# Disney embroidery designs



## blacklab (Feb 13, 2008)

does anyone know where I can get disney embroidery designs? I don't want to sell them; just want them for my own use and for gifts.


----------



## FatKat Printz (Dec 26, 2008)

google 
*Disney embroidery designs*


2500+ FILES OF DISNEY EMBROIDERY DESIGNS


----------



## ptmoore (May 2, 2010)

Brother Disney, has exclusive rights to designs by Disney, so you will have to use
a Brother machine with Designs for them to sew out.


----------



## Louie2010 (Feb 26, 2010)

ptmoore said:


> Brother Disney, has exclusive rights to designs by Disney, so you will have to use
> a Brother machine with Designs for them to sew out.


I believe it can only be a smaller home type of machine. When I bought my PR-650 they said that it would not do them because it was considered a commercial machine. It must have something in the software that recognizes licensed material and restricts it.


----------



## ptmoore (May 2, 2010)

You are right, the designs are accepted by the Brother embroidery machine designed and licensed for use of their designs. I don't remember which one, but more info Google it


----------



## rodsps (Mar 12, 2008)

Check Dakota Collectables, they used to have some designs available for personal use.


----------



## BML Builder (Jul 8, 2008)

Dakota Collectibles doesn't have any current Disney designs. They used to but there aren't any in their current licensed designs. You may still be able to get some from the warehouse sales. They used to sell designs that were no longer available but they still had some in the warehouse in their discontinued items. That may be a possibility.


----------



## Buechee (Dec 22, 2005)

From Brothers. They have a deal with Disney.


----------



## susanralf (Mar 1, 2010)

Buechee said:


> From Brothers. They have a deal with Disney.

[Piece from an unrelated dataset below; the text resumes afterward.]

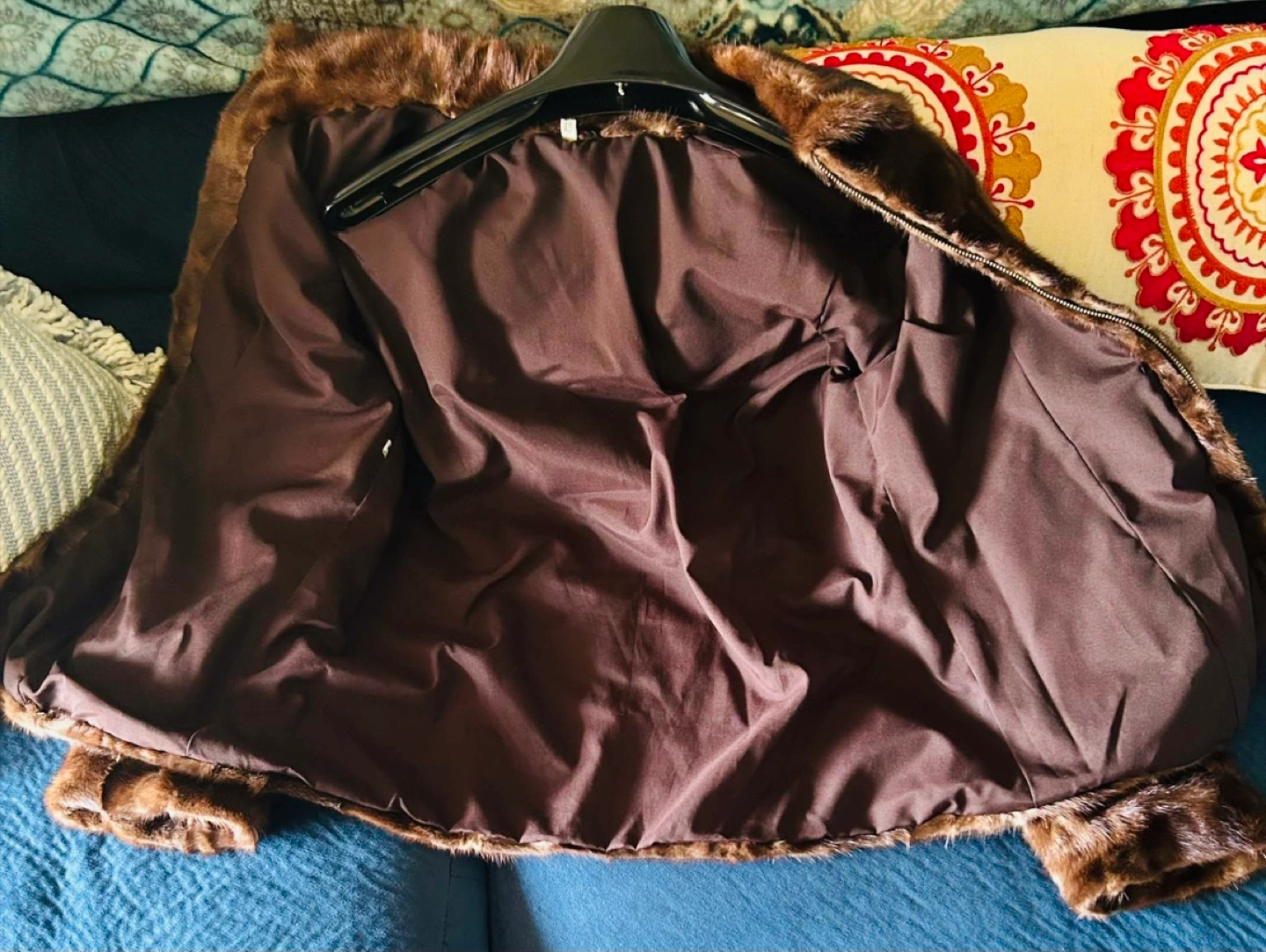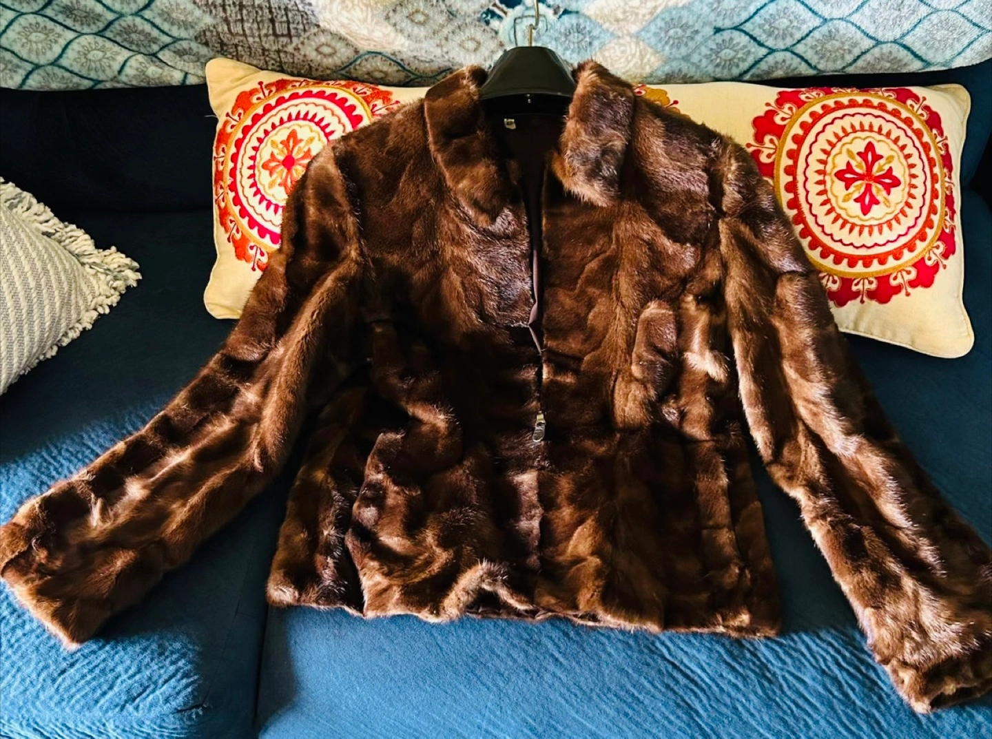 Gorgeous brown short mink fur jacket. Zipper closure. Soft and luxurious.

but do Brother have a catalogue of designs on offer?


----------



## themartaman (Jul 23, 2010)

The Disney designs I have work on my PR600II. Also worked on the Toyota I had. The Brother cards may only work on a Brother home machine.


----------



## blacklab (Feb 13, 2008)

themartaman said:


> The Disney designs I have work on my PR600II. Also worked on the Toyota I had. The Brother cards may only work on a Brother home machine.


Where did you get those designs?


----------



## themartaman (Jul 23, 2010)

Had them so long can't remember where I got them. May have come with other items.


----------